Final answer:
The initial stress in the tie bar is approximately 50.92 x 10⁶ N/m². When the temperature rises to 50°C, the thermal stress is about 98 x 10⁶ N/m², leading to a resultant stress of approximately 148.92 x 10⁶ N/m². The induced force in the tie bar remains 100 kN, since the bar is rigidly held.
Step-by-step explanation:
To solve for the initial stress in the tie bar, we will apply the formula for stress (σ = F/A), where F is the force applied and A is the cross-sectional area of the bar. The initial cross-sectional area (A) can be calculated using the formula for the area of a circle (A = πd²/4). Given that the diameter (d) is 50 mm, we first convert this to meters (0.050 m) to match the units of the given modulus of elasticity (E = 200 GN/m²).
A = π(0.050)²/4 ≈ 0.001963495 m²
Using F = 100 kN (which is 100,000 N to match unit consistency with E), we get:
σ_initial = 100,000 N / 0.001963495 m² ≈ 50.92 x 10⁶ N/m²
To determine the thermal stress when the temperature rises to 50°C, we use the relationship Δσ = EαΔT, where α is the coefficient of linear expansion and ΔT is the change in temperature.
ΔT = 50°C - 15°C = 35 K
Δσ = (200 x 10⁹ N/m²)(14 x 10⁻⁶ /K)(35 K) = 98 x 10⁶ N/m²
Because the bar is rigidly held, it cannot expand, which means this stress is purely thermal and adds onto the initial mechanical stress.
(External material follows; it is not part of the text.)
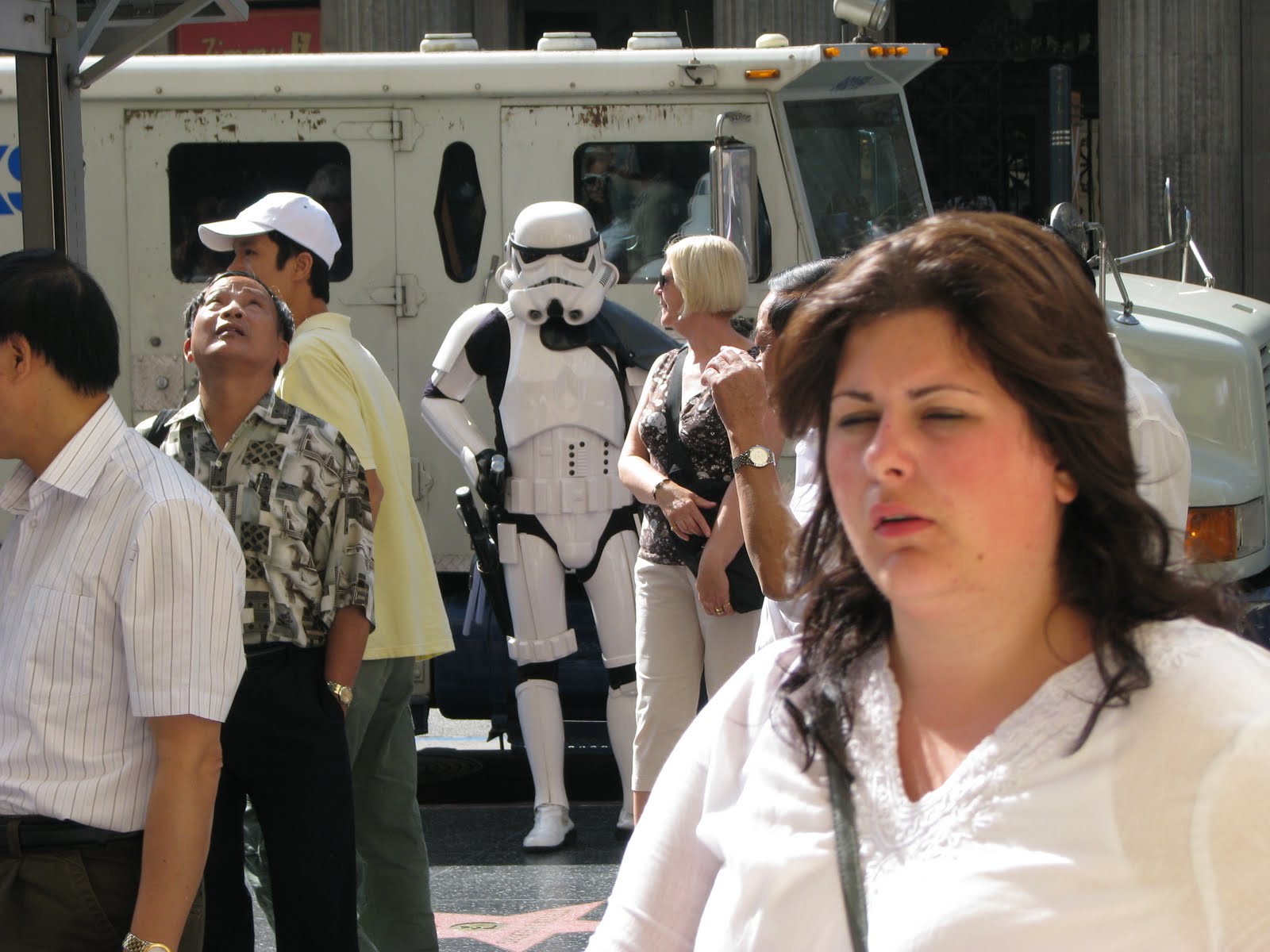 Här är det stor grej att kunna klä ut sig till en känd karaktär och få folk att betala en dollar för att bli fotad till sammans med den. Vi träffade på Storm trooper, Captain Jack sparrow, Marilyn, Michael, Chuckie, Pokahontas, Shrek,Samuel Jackson, Snoop Dog, Spindelmannen är dom jag kan komma ihåg.

Therefore, the resultant stress will be the sum of the initial stress and the thermal stress:
σ_resultant = σ_initial + Δσ ≈ 50.92 x 10⁶ N/m² + 98 x 10⁶ N/m² = 148.92 x 10⁶ N/m²
Considering the bar is constrained, there will be no additional force apart from the initial force applied; hence, the induced force remains 100 kN.